Detachment from thoughts in the modern age

Monday, September 28

By Ariana Noghreh

I’ve recently come to the realization that I can’t think as clearly as I once used to. At first, I had suspected that it could be because I have too much on my plate: part-time jobs, familial responsibilities, and interacting with friends more often than I used to a month before. These could still have a slight effect on my recently fuzzy thoughts, but after taking some time to rethink I how spent my days and time-logging, I was faced with a conclusion that was worse than I originally thought it was.

It’s clear that our lives are now dominated by social media and we’re more than familiar with its adverse effects. We keep hearing about eye and posture problems, sleepless nights, a surplus in people with social anxiety and depression, FOMO, and spending more time on social media than we do on anything else during the day. But what you rarely hear about is losing the ability to think. We often hear the phrase “this generation has turned into robots” but have you ever thought about the extent of it?

I realized that I’ve been thinking in fragments for a while and that’s why it took longer than usual for me to become aware if I’m acting different or if something is bothering me. I tried to look more into it and I also realized that I’ve become more numb in my day-to-day life and I’ve also become somewhat less intelligent.

After doing more research, I saw that I’d spend 3-5 hours a day on social media when it’d feel like an hour of scrolling instead of 3. I then saw that this mindless scrolling not only contributed to my inability to complete tasks as well and as fast as I used to, but it’s also affected my creativity, my ability to use logic as well as I used to in the past, and my energy during the day.

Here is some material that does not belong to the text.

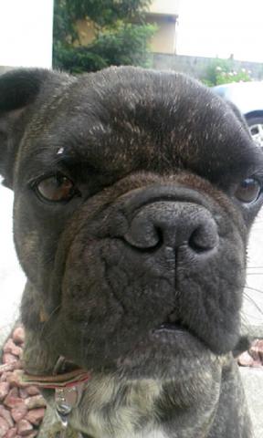 designed by *ま~ぶる*久しぶりにフランチブル&パグのミックスく ろ す 毛大分涼しくなってきたので「フガフガ・・・ヘコヘコ・・・」の声も少なくなってきました。*ま~ぶる*土を掘って 遊んでいたのでえらい顔になってます。*ま~ぶる*これ、違うショットなのに、同じ顔で同じ目線・・・・。
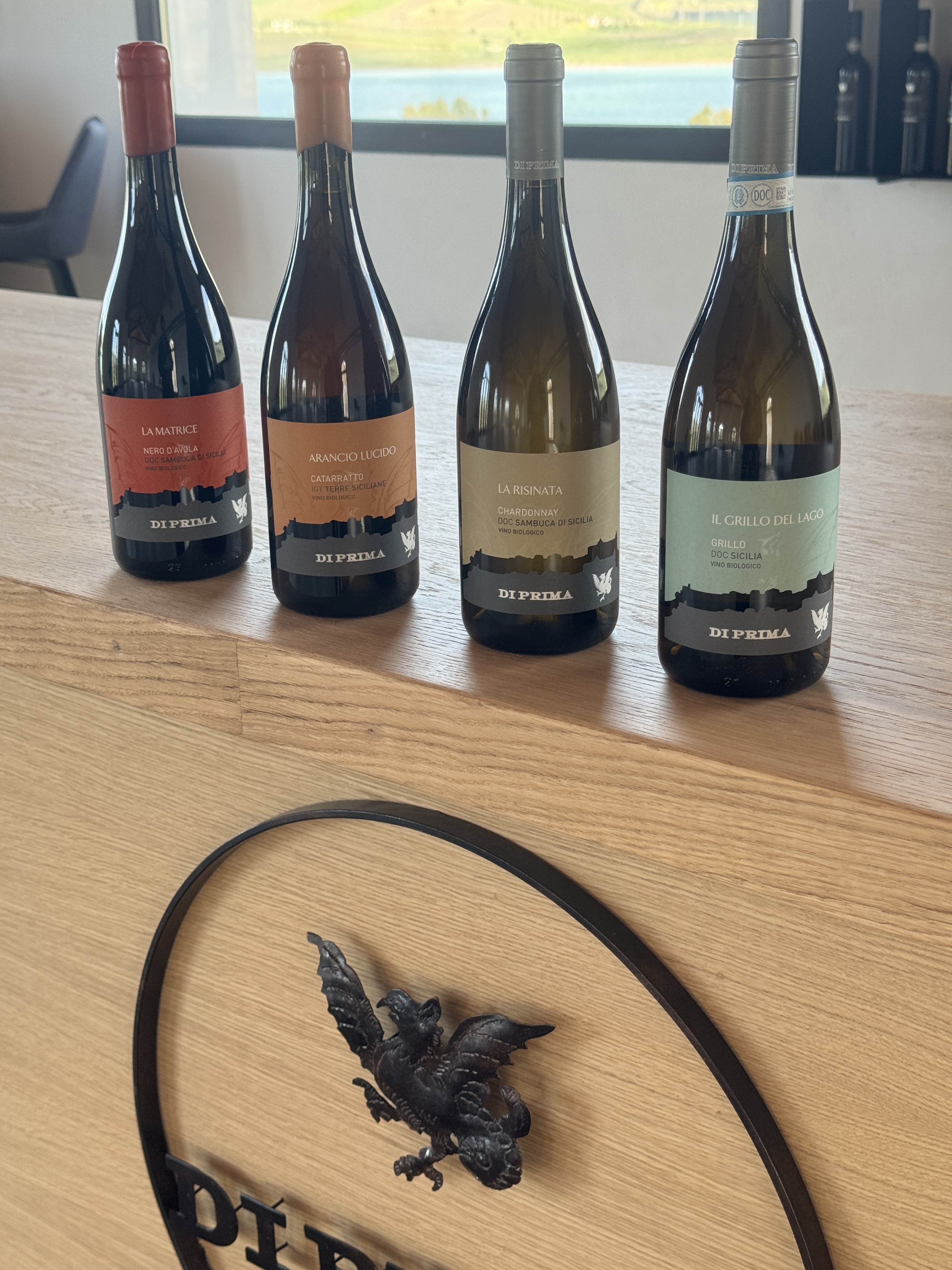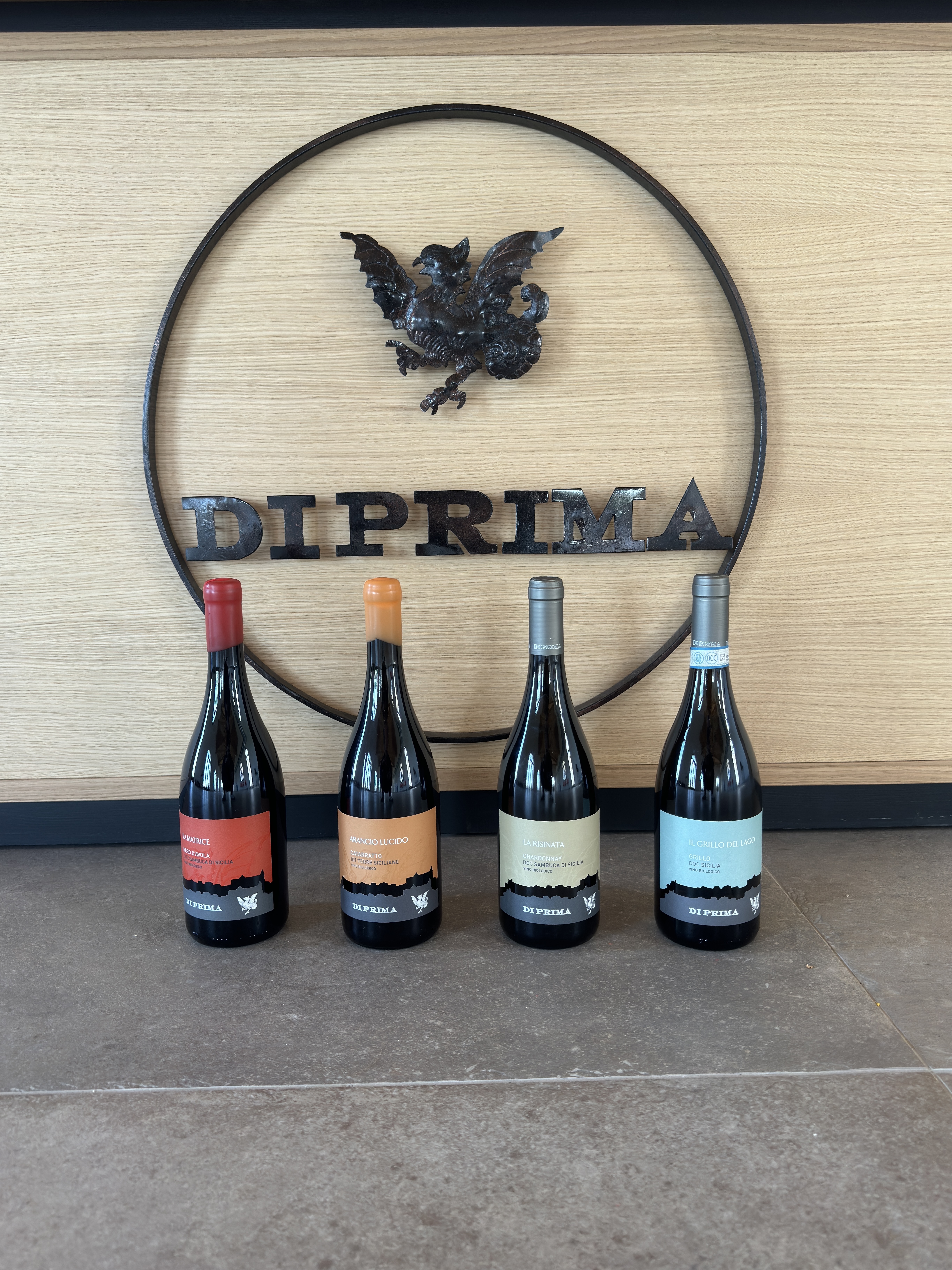 the tasting includes: the Organic Grillo del Lago DOC Sicilia, the Organic La Risinata Chardonnay DOC Sambuca di Sicilia, the Organic Catarratto IGT Terre Siciliane Lucido Orange and the Organic La Matrice Nero d'Avola DOC Sambuca di Sicilia La

I know I’m not the only one feeling like this, which is why I’ve decided to write about it here. This consumeristic world keeps getting harder and harder to manage for everyone, especially when it comes to the phones that we have by our side 24/7.

If this goes unmanaged and uncontrolled for too long, our dependency on these little “black boxes” of our lives will increase and it’ll be harder to gain back the parts of ourselves that we can’t seem to reach as easily as we once used to.